> _Prompt_: Pictures stay out of the copy. Transcribe exactly the lines from the line with "glazed frosted window." through the final line of the records.

> _Given records_:
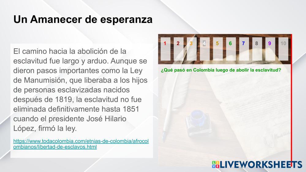 Created by Maneuser Historia de Colombia Esclavitud Age 13+ level: 8° Spanish Author's Instructions My Google Classroom Courses × 0 classes selected (0 students total) Quick Access Select all classes (0 classes) All Classes Loading courses... Cancel Share Share to selected Course __COURSE_NAME__ __STUDENT_NAME__ (__STUDENT_EMAIL__) 06.Un Amanecer de esperanza Download Worksheet Validation Check my answers Emails my answers to my teacher Full name Group/level School subject Teacher's email or key code Close Submit Validating worksheet... (12) Your answers have been sent to your teacher. Good luck! OK We encountered an error submitting your answers. Please try again. OK Advertisement | Go Ad Free Created by Maneuser Historia de Colombia Esclavitud Age 13+ level: 8° Spanish Author's Instructions
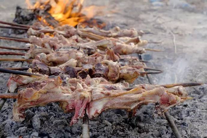 ▲新疆人民的烧烤特别接地气,全是肉,太实在了。
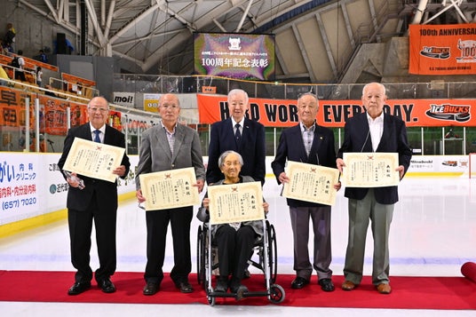 そこで、9月14日(日)の ホームゲーム会場および、9月15日(月・祝)に開催した「100周年記念式典・パーティー」会場にて、 100周年記念表彰「功労賞」受賞者の発表および表彰式を実施いたしましたのでお知らせいたします。
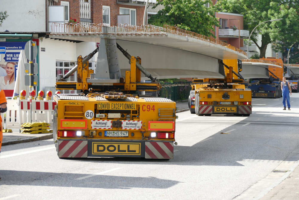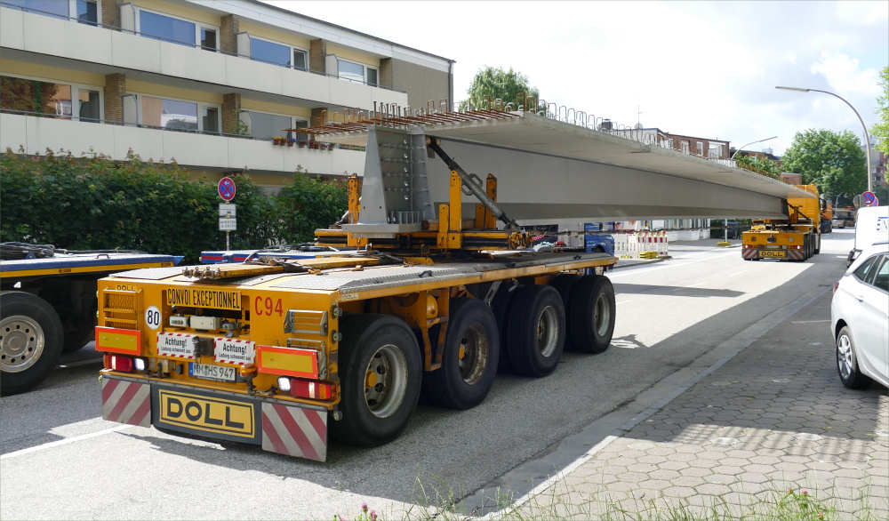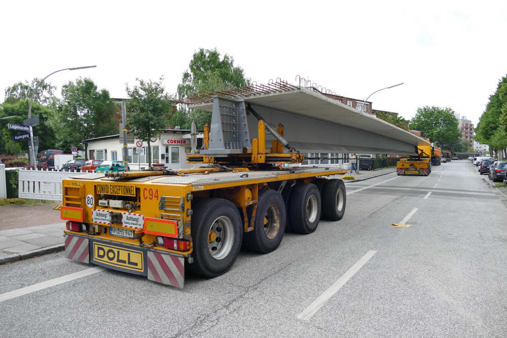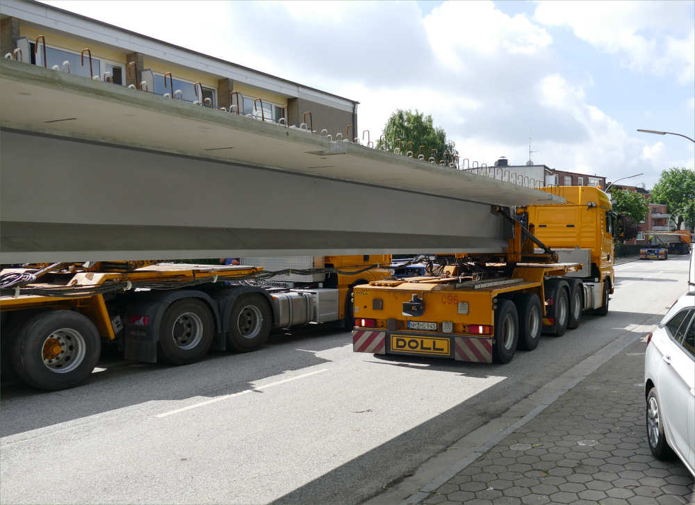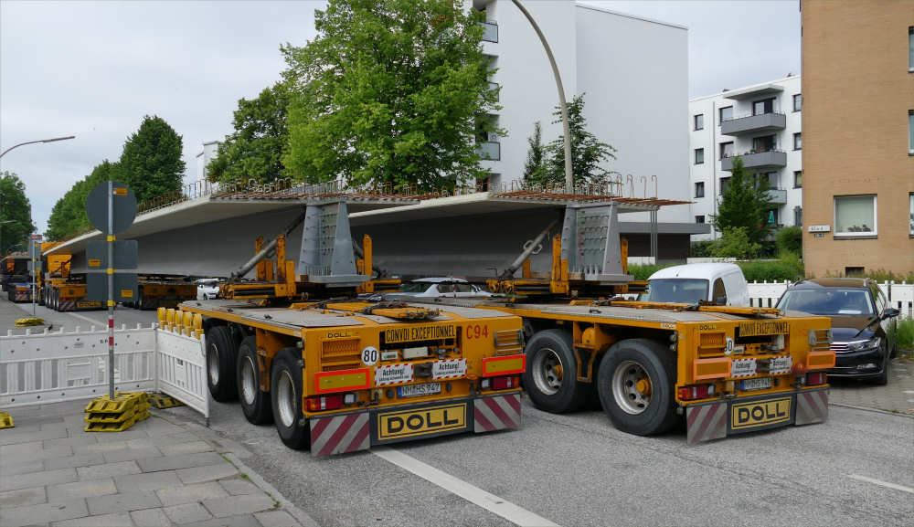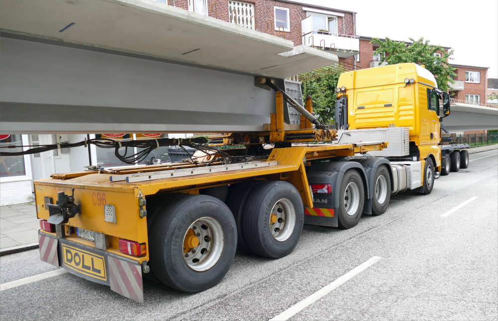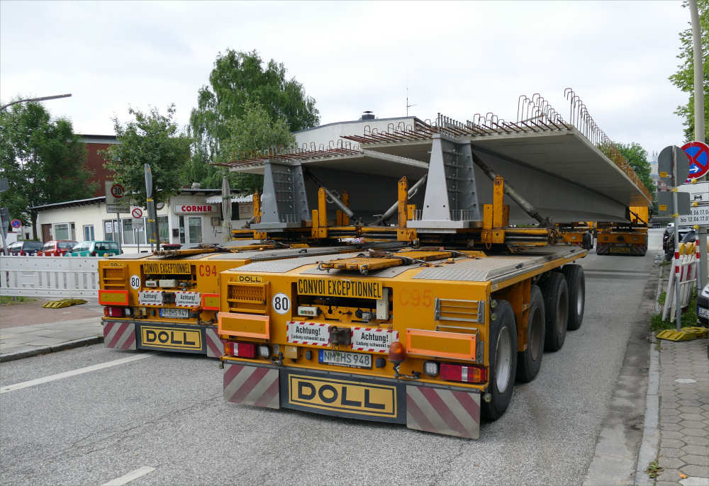 Zweimal MAN 26.4540 TGX Euro 6 6x4 Zugmaschine mit Doll Nachläuferzug und Brückenbinder
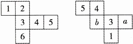 11. 一个正方体每个面的外部各写有一个数,如图所示的是它的两幅平面展开图,则a + b的值是______.
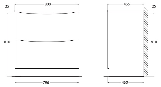 - База под раковину подвесная с двумя выкатными ящиками, с доводчиками, ACQUA-800-2C-SO-BL
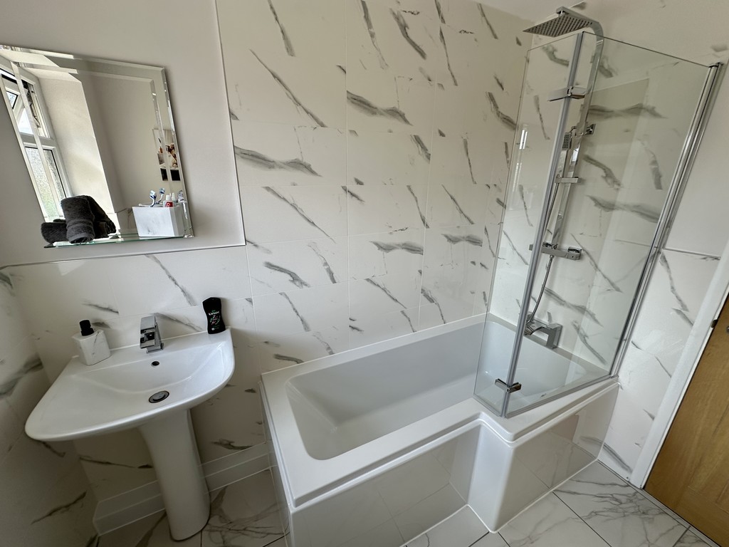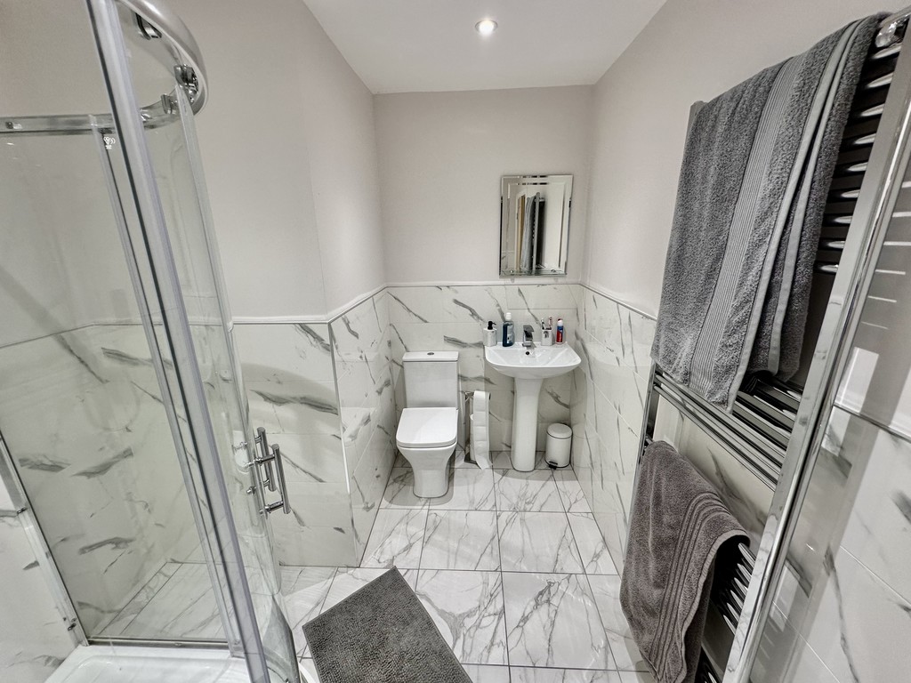 ENSUITE 4' 8" x 6' 7" (1.44m x 2.02m) Beautiful en-suite shower room with further shower cubicle, dual shower head, half tiled walls, tiled flooring, heated towel radiator, low flush WC, wash hand basin, spotlights, extractor fan and side facing double glazed frosted window.
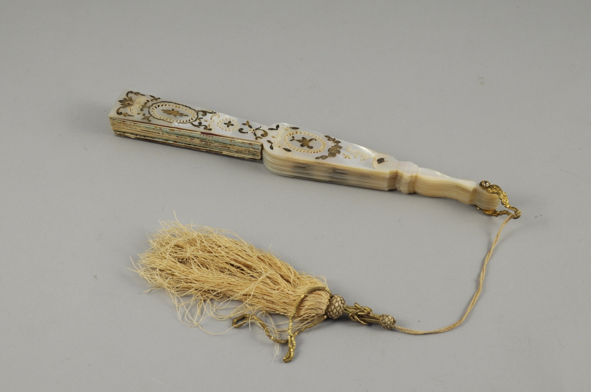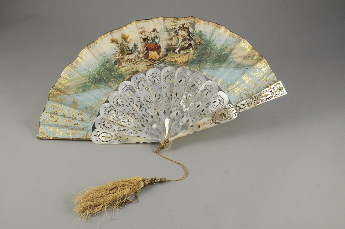 ÉVENTAIL plié. La feuille en papier lithographié et rehaussé à la gouache d'une scène galante dans un entourage de fleurs et de rinceaux polychrome et or. Une scène pastorale animée de deux bergères et d'un berger devant un château au revers. Monture en nacre ajourée de cartouches et rinceaux or. Bélière et gland.

> _Expected output_:
 ENSUITE 4' 8" x 6' 7" (1.44m x 2.02m) Beautiful en-suite shower room with further shower cubicle, dual shower head, half tiled walls, tiled flooring, heated towel radiator, low flush WC, wash hand basin, spotlights, extractor fan and side facing double glazed frosted window.
 ÉVENTAIL plié. La feuille en papier lithographié et rehaussé à la gouache d'une scène galante dans un entourage de fleurs et de rinceaux polychrome et or. Une scène pastorale animée de deux bergères et d'un berger devant un château au revers. Monture en nacre ajourée de cartouches et rinceaux or. Bélière et gland.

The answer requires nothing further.